Dataset records:
··········

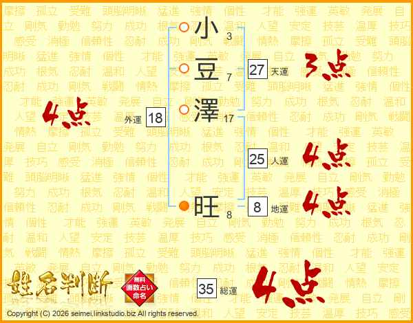 小(3画)豆(7画)澤(17画) 旺(8画)
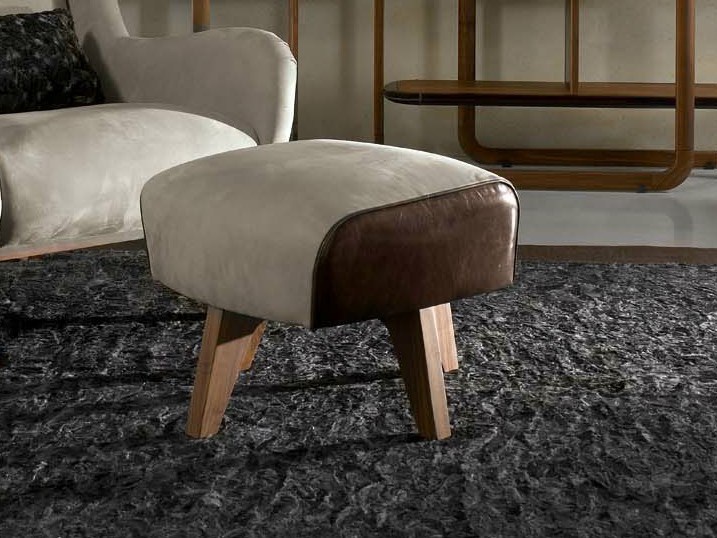 Brigitte stool from the Italian manufacturer Ulivi. The frame and legs are made of beech wood. Model soft on the legs. Upholstered in suede and leather from the range of the manufacturer. The product in modern style perfectly complement the armchair from the same collection. Colors of the proposed model in shades of brown and ivory, you can choose from a catalog.
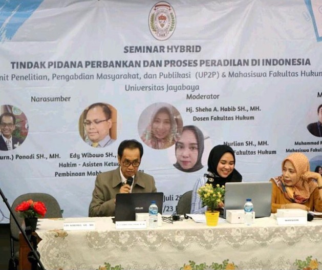 Fakultas Hukum Universitas Jayabaya sukses menyelenggarakan seminar hybrid bertajuk “Tindak Pidana Perbankan dan Proses di Peradilan Indonesia” pada Jumat, 22 Juli 2022.
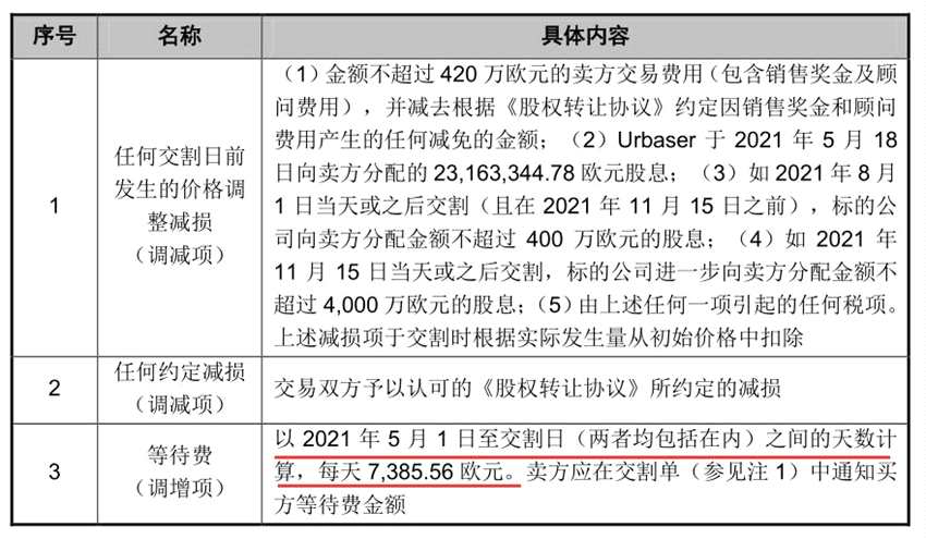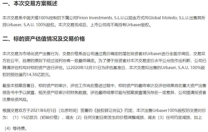 根據(jù)交易雙方于6月5日簽署的《股權(quán)轉(zhuǎn)讓協(xié)議》約定,本次出售Urbaser100%股權(quán)的交易對(duì)價(jià)為:15億歐元(初始價(jià)格),減去任何交割日前發(fā)生的價(jià)格調(diào)整減損,減去任何約定減損,加上等待費(fèi)。
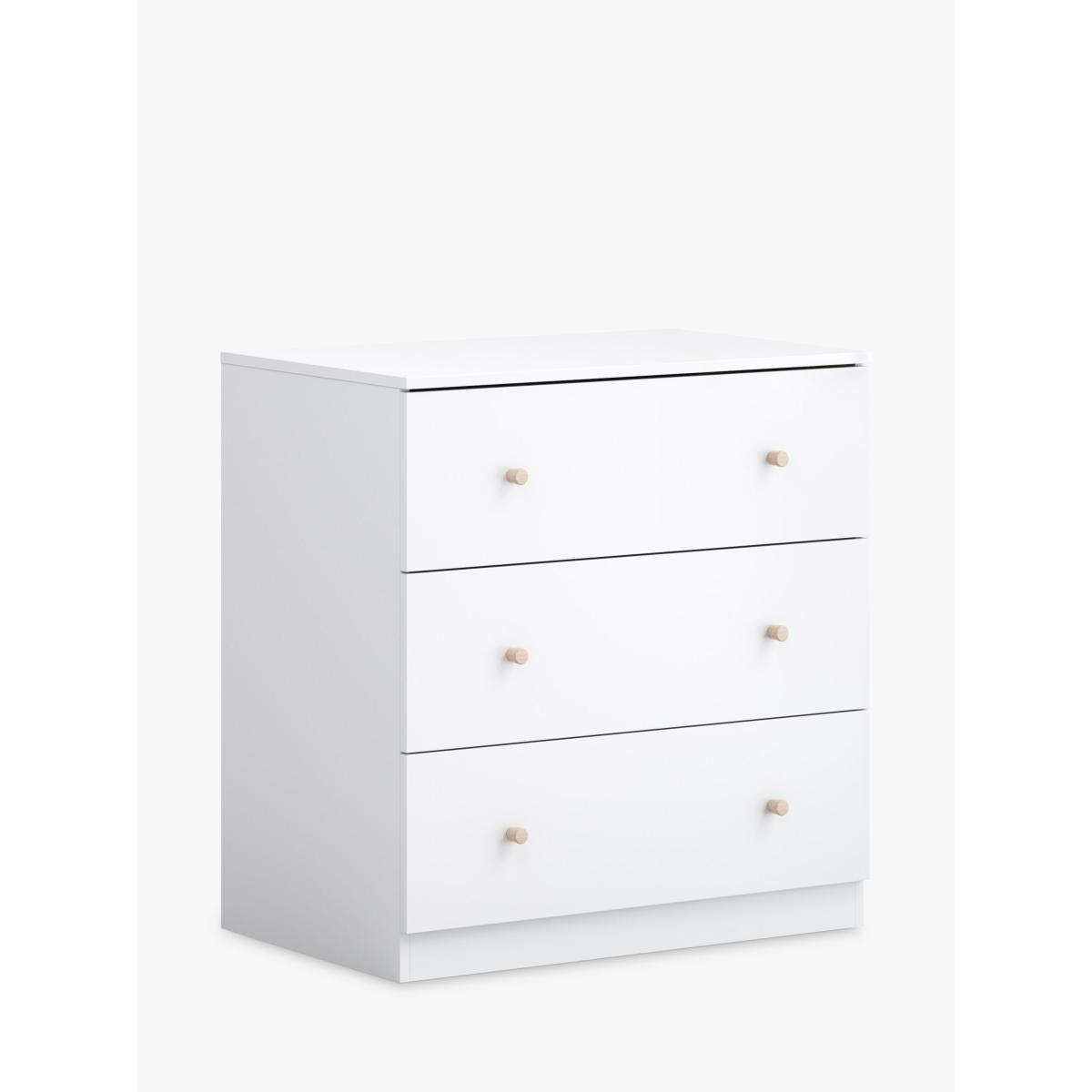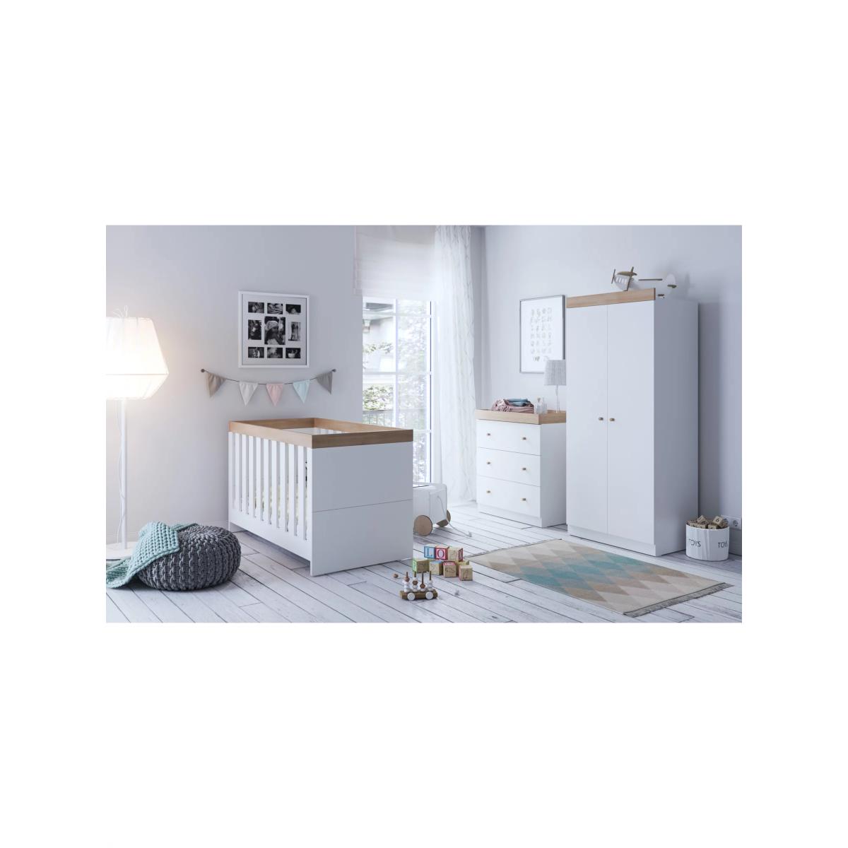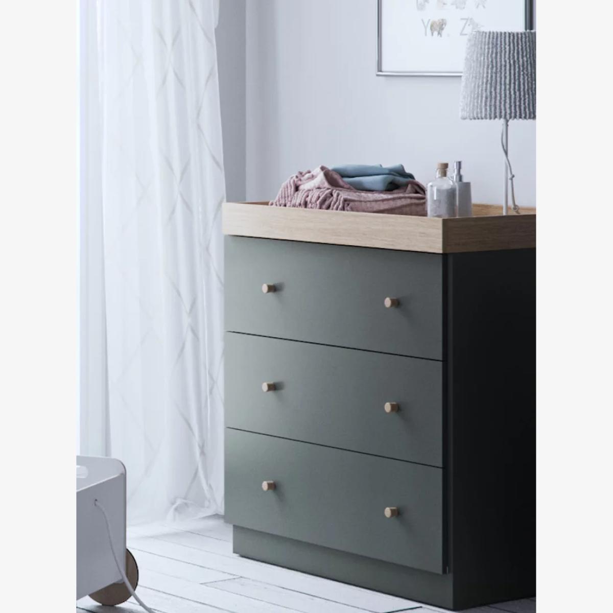 I love this little acorns dresser for its clean, Scandinavian-inspired design that works well in both modern and traditional nurseries. Its soft muted tones and simple lines provide a calm, understated look, making it versatile enough to fit into various colour schemes. Practical styling tips include pairing it with neutral or pastel accents, such as soft textiles or artwork, to create a serene space. The enclosed drawers offer ample storage for changing essentials, helping to keep the nursery organised. To keep it looking fresh, consider adding a cosy changing pad on top and incorporating elements like textured baskets or decorative knobs for a personalised touch.
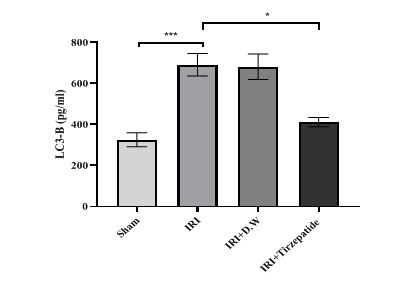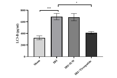 Fig. 7 After 30 min of ischemia, rats were reperfused for 24 h. They were pretreated 2 h before ischemia with either a vehicle D. W, tirzepatide (3 mg/kg), or left untreated (sham and IRI group). Renal LC3-B concentrations were assessed utilizing ELISA kit. Following one-way ANOVA, data were analyzed using Bonferroni multiple comparison test. Data were represented as mean±SEM, n = 7 rats per group; *P<0.05, ***P<0.001.
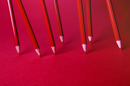 standing red color pencils
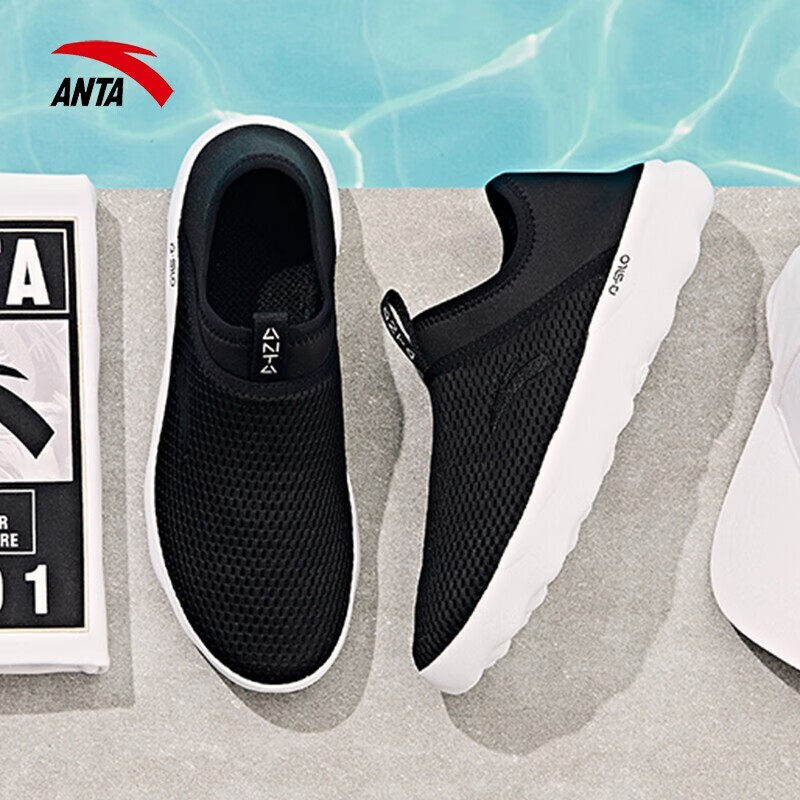 安踏男鞋运动鞋2026新款春季透气懒人鞋一脚蹬网面软底休闲跑步鞋
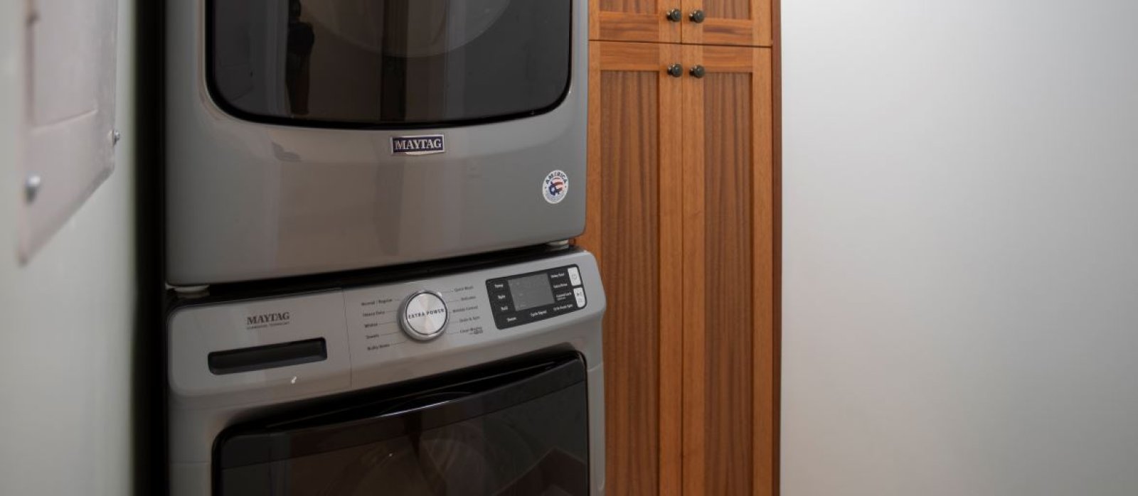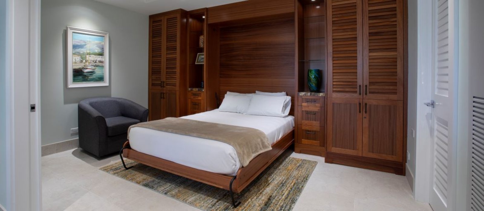 Fully enclosed with a queen Murphy bed, sliding privacy doors, and convenient access to a full bathroom.

··········

• Exercise requirements: Set down the entries again without change. Leave the pictures out.

• Solution for this task:
 小(3画)豆(7画)澤(17画) 旺(8画)
 Brigitte stool from the Italian manufacturer Ulivi. The frame and legs are made of beech wood. Model soft on the legs. Upholstered in suede and leather from the range of the manufacturer. The product in modern style perfectly complement the armchair from the same collection. Colors of the proposed model in shades of brown and ivory, you can choose from a catalog.
 Fakultas Hukum Universitas Jayabaya sukses menyelenggarakan seminar hybrid bertajuk “Tindak Pidana Perbankan dan Proses di Peradilan Indonesia” pada Jumat, 22 Juli 2022.
 根據(jù)交易雙方于6月5日簽署的《股權(quán)轉(zhuǎn)讓協(xié)議》約定,本次出售Urbaser100%股權(quán)的交易對(duì)價(jià)為:15億歐元(初始價(jià)格),減去任何交割日前發(fā)生的價(jià)格調(diào)整減損,減去任何約定減損,加上等待費(fèi)。
 I love this little acorns dresser for its clean, Scandinavian-inspired design that works well in both modern and traditional nurseries. Its soft muted tones and simple lines provide a calm, understated look, making it versatile enough to fit into various colour schemes. Practical styling tips include pairing it with neutral or pastel accents, such as soft textiles or artwork, to create a serene space. The enclosed drawers offer ample storage for changing essentials, helping to keep the nursery organised. To keep it looking fresh, consider adding a cosy changing pad on top and incorporating elements like textured baskets or decorative knobs for a personalised touch.
 Fig. 7 After 30 min of ischemia, rats were reperfused for 24 h. They were pretreated 2 h before ischemia with either a vehicle D. W, tirzepatide (3 mg/kg), or left untreated (sham and IRI group). Renal LC3-B concentrations were assessed utilizing ELISA kit. Following one-way ANOVA, data were analyzed using Bonferroni multiple comparison test. Data were represented as mean±SEM, n = 7 rats per group; *P<0.05, ***P<0.001.
 standing red color pencils
 安踏男鞋运动鞋2026新款春季透气懒人鞋一脚蹬网面软底休闲跑步鞋
 Fully enclosed with a queen Murphy bed, sliding privacy doors, and convenient access to a full bathroom.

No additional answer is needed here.